The Norwegian Defense Research Establishment, a research arm of the Norwegian military, launched the ARCSAT six-unit CubeSat to demonstrate UHF tactical communications in the North Sea and the Arctic region.

The Transporter 4 mission also launched a CubeSat named BDSAT from the Czech Republic for a technology demonstration mission, the AlfaCrux educational and tech demo CubeSat from the University of Brasilia in Brazil, and a small satellite from the Indian remote sensing startup Pixxel named Shakuntala.

There were also 12 tiny “picosatellites” on the Transporter 4 mission for Swarm Technologies, a company owned by Space. Swarm is developing a low-data-rate satellite communications system. Each of the Swarm satellites is about the size of a slice of bread.

A satellite for the Italian company D-Orbit also deployed from the Falcon 9 rocket on the Transporter 4 mission. D-Orbit’s ION satellite carrier vehicle flew away from the Falcon 9 and release seven smaller spacecraft in the next few weeks.

 

Kleos is not a customer of D-Orbit. Kleos is a Spaceflight Inc. customer, and we partnered with D-Orbit to deploy them. We own the launch contract. It may seem like a nuance, but our legal team is really specific that we get that stated properly.

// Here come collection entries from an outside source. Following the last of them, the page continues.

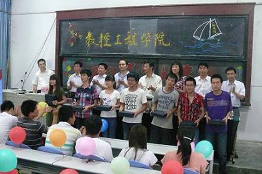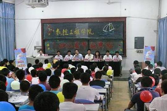 6月26日,数控工程学院隆重举行2012届学生毕业典礼,欢送2012届566名毕业生。毕业典礼于上午九时三十分在笃学楼B阶梯教室举行,学生处处长王超联、就业指导处处长孙小云、院团委书记闫军、数控工程学院院长卢文澈、副院长刘军旭、数控工程技术训练中心主任王彦宏、教学办主任苏宏志、学工办主任侯涛等领导以及2012届全体辅导员、毕业生一起见证了这一辉煌时刻。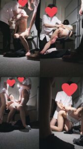 椅子に座らせたまま正常位で挿入し、さらにバックで男性社員に交互にハメられています。椅子から降ろした後バックでハメながらイラマもしていました。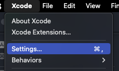 우선 Xcode -> Settings 로 진입해서 설정창을 열어주세요

The payloads on D-Orbit’s carrier include four spacecraft from Kleos Space of Luxembourg. Kleos contracted with Spaceflight, a rideshare launch broker, on SpaceX’s Transporter 3 mission in January, but the satellites missed the launch.

Spaceflight partnered with D-Orbit to launch the Kleos satellites on Transporter 4. Kleos says its satellites can detect and geolocate radio frequency transmissions, providing intelligence on maritime activity for governments and commercial customers. The Kleos mission is similar to the three HawkEye 360 spacecraft that also flew on the Transporter 4 launch.

Three university-built CubeSats from Chile are also riding on D-Orbit’s satellite carrier module, and a payload that will remain attached to the ION vehicle carries small items from four clients of Upmosphere, an Italian startup offering accommodations for customers to place keepsakes and mementos into wooden boxes for a flight into orbit.